My first take on Apple’s iPad event on October the 22 was “Meh.” Surprisely, many Apple advocates like Ben Thompson and Marco Arment appear to share my opinion.
We know that people are using iPads in all sorts of different ways. Look, firefighters are launching space shuttles with an iPad! Farmers are building wind turbines and composing songs! And Apple can’t wait to see what we do with our iPads.
But they already know. Everyone knows what people do with iPads, because iPads have been heavily used in public for over three years. It looks like most people use iPads for basic web tasks (email, browsing, Facebook), reading, and, importantly, casual gaming. Going into the holiday season, in which tons of iOS devices are usually sold that will primarily be casual-gaming devices, Apple hardly even mentioned games.2 Is that because they don’t need to, since games are already a popular iPad use, or because they’re not in touch with one of the biggest reasons people buy iPads?
Suppose the event worked, and we’re all jazzed up to buy the new iPads. Well, too bad — you can’t even preorder either of them yet. The iPad Air will be released 10 days after the event with no preorders, and the one likely to be in much higher demand — the Retina Mini — doesn’t even have a release date yet, except “later in November”.
Mavericks, iLife, iWork, and the incrementally updated Retina MacBook Pros look good, but I can’t help but feel like the event wasn’t up to Apple’s standards.

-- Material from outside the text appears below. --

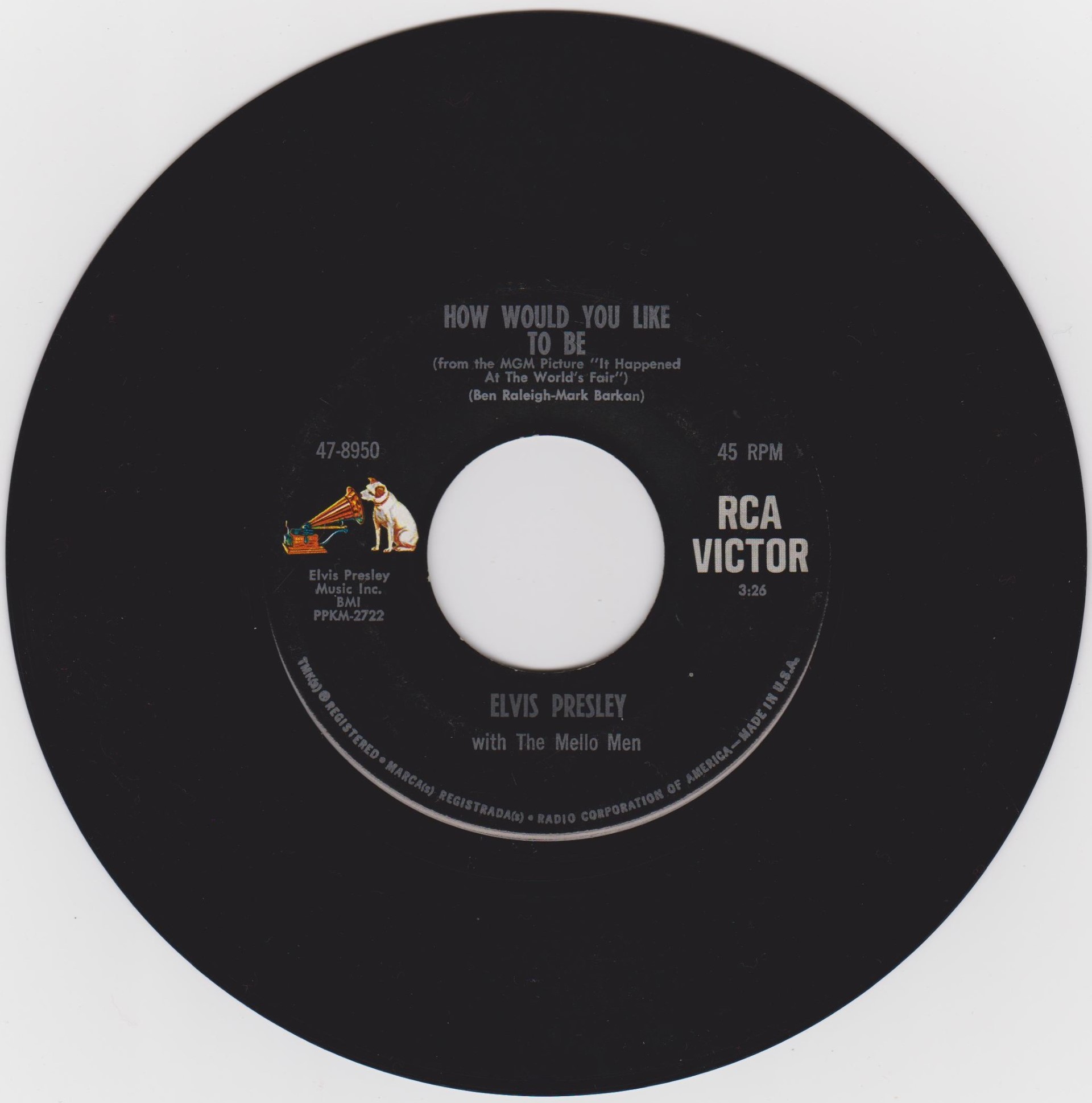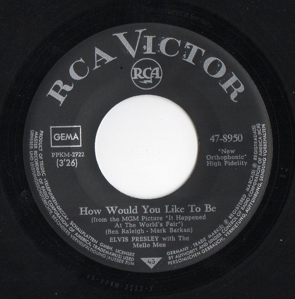 | Label: RCA Victor – 47-8950 Format: Vinyl, 7", 45 RPM, Single Country: Germany Released: 1966 Lacquer Cut At – TELDEC-Studio, Hamburg How Would You Like To Be is from the MGM picture "It Happened At The World's Fair". Rights Society (Boxed): GEMA |

It’s not that the content is boring. The products Apple shows off at these events are still interesting — for the most part — but the presentations are getting old.
Here’s the script: Timothy D. Cook comes out on stage in his signature jeans and black shirt — usually untucked. He shows off some statistics. Then other execs take the microphone to show off new software that we’ve already seen.

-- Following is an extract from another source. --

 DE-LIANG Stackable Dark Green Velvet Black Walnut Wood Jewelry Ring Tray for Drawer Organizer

There are a few jokes; the audience laughs.
Then comes Philip W. Schiller, Apple’s head of marketing, who talks about new hardware and confuses everyone by touting an “Intel Xeon E5 chip,” and a “10 MB L3 cache and Turbo Boost,” and “cores” and other things most people know absolutely nothing about. (It’s as if he’s speaking Klingon.)
Then Mr. Cook is back on stage to introduce a new version of an iPad or iPhone or iPod. Then Mr. Schiller again to explain, in Klingon, the guts of the new iPad or iPhone or iPod. Then there’s a video of Jony Ive talking about the new iPad or iPhone or iPod. “It’s the best [iPad or iPhone or iPod] we’ve ever made,” Mr. Ive says in his smooth British accent.
The shows are like watching someone perform the same magic show over and over. Eventually it stops looking like magic.